Marital status and long-term cardiovascular risk in general population-RIFLE project (Italy)
- PMID: 39012422
- DOI: 10.1007/s11845-024-03761-y
Marital status and long-term cardiovascular risk in general population-RIFLE project (Italy)
Abstract
Background: The impact of marital status on cardiovascular disease (CVD) remains controversial in the general population.
Aim: The present investigation sought to delineate the association between marital status and long-term major non-fatal and fatal CVD, along with all-cause mortality within the scope of the RIFLE project (Risk Factors and Life Expectancy).
Methods: We examined the incidences of CVD, including cerebrovascular accidents and coronary heart disease (CHD), as well as all-cause mortality. In total, 47,167 individuals (46% female, average age 50 ± 9 years) were included in the analysis. Marital status at inception was categorized into married (inclusive of married or cohabitating) versus unmarried cohorts (including widowed, separated, divorced, or single individuals).
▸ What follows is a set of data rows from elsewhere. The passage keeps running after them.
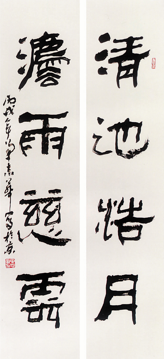 单志华 清池浩月 法雨慈云 135×35cm
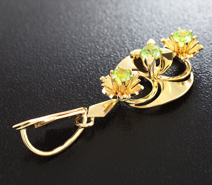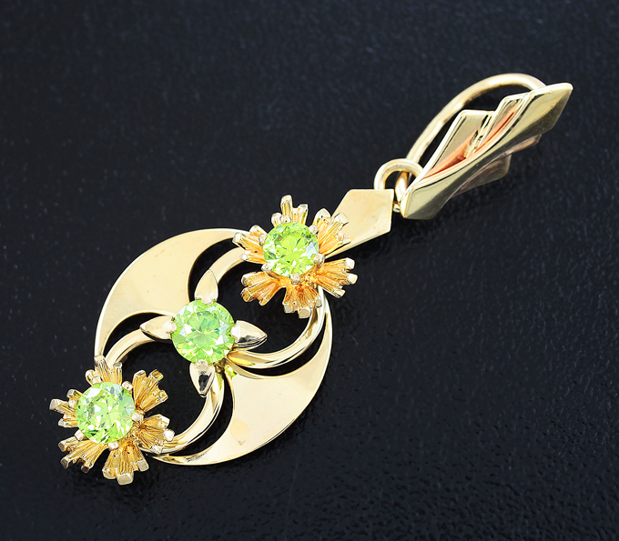 Вашему вниманию предлагается кулон из желтого золота 585 пробы с уральскими демантоидами! Размеры кулона с петлей 42 х 15 мм. Вес изделия 3,9 г. Ниже приводятся ювелирные характеристики вставок.
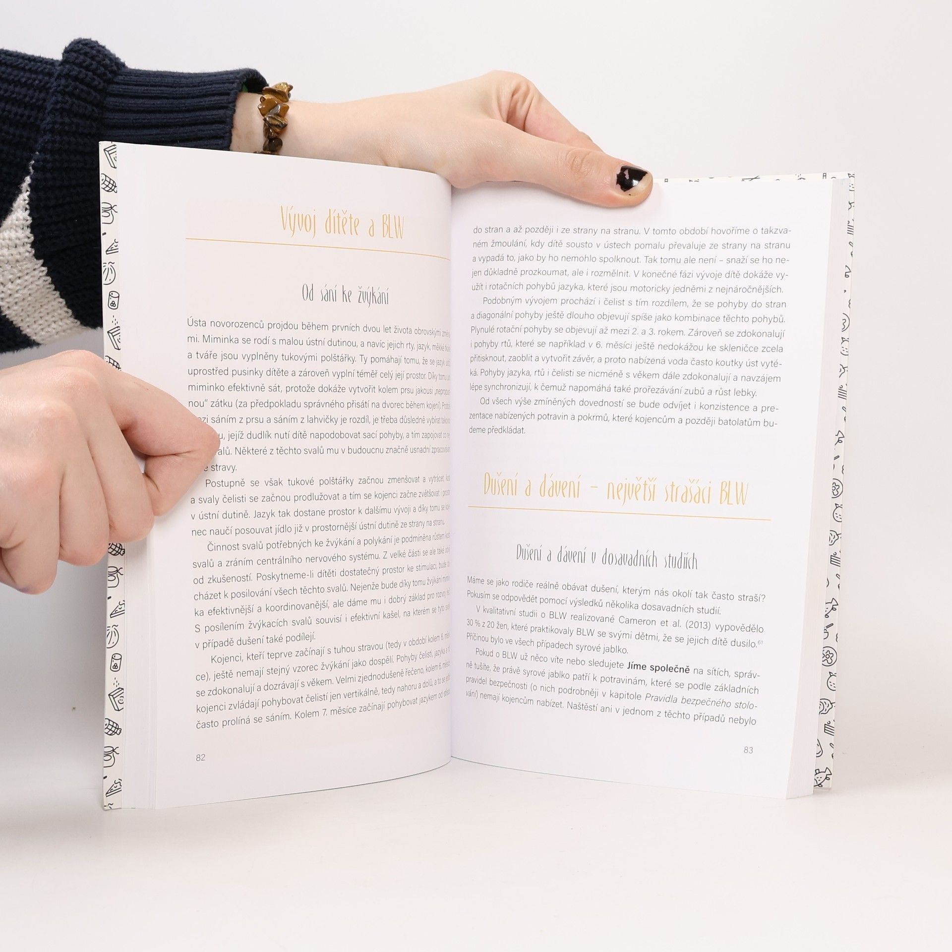 Baby-led weaning (BLW) je světově rozšířeným způsobem zavádění příkrmů do jídelníčku zdravých kojenců od zhruba šesti měsíců věku. Principem celého konceptu je respektující přístup při zavádění prvního nemléčného pokrmu do stravy kojenců a vytváření jídelních zvyklostí nenásilným způsobem, bez nucení ze strany pečujících osob. Důraz je kladen na společné stolování v rámci pestrého a vyváženého jídelníčku celé rodiny. Zásadní úlohu při zavádění příkrmů metodou BLW hraje bezpečnost jídla předkládaného dětem. Musí odpovídat schopnostem a dovednostem v určitém období jejich vývojové zralosti.Součástí knihy jsou recepty na domácí jídla středomořské kuchyně sestavené tak, aby je mohly jíst děti spolu s rodiči už v kojeneckém věku, kdy se metoda BLW v praxi uplatňuje nejvíce.Kniha přináší více pohledů na přínosy BLW. Shrnuje nejpodstatnější informace, které jsou ve spojitosti s touto metodou v odborné literatuře dostupné, zároveň uvádí příklady z praxe a odpovídá na dotazy, které pečující osoby v této oblasti trápí. Pro srozumitelnost a přehlednost je doplněna o grafy, tabulky a fotografie.

Results: Compared to their married counterparts, unmarried subjects demonstrated a heightened risk for CVD in both females and males. Throughout a median follow-up span of 7.4 years (interquartile range from 6 to 9 years), married participants, adjusting for standard risk factors, exhibited reduced mortality rates attributed to CHD [hazard ratio (HR) 0.54 (95% confidence interval (CI) 0.33-0.86)) and all causes (HR 0.75 (95% CI 0.62-0.91)] within the aggregate population; this reduction persisted for both CHD-specific [HR 0.39 (95% CI 0.51-0.90)]and all-cause mortality [HR 0.68 (95% CI 0.51-0.90)], independent of traditional risk factors in women. No associations were evident between matrimonial status and any measured outcomes in males.
Conclusions: Within primary care settings, marital status should be considered a potential correlate of long-term CHD and overall mortality risks, especially among women.
Keywords: Association; Coronary heart disease; Hypertension; Marital status; Risk factors.
© 2024. The Author(s), under exclusive licence to Royal Academy of Medicine in Ireland.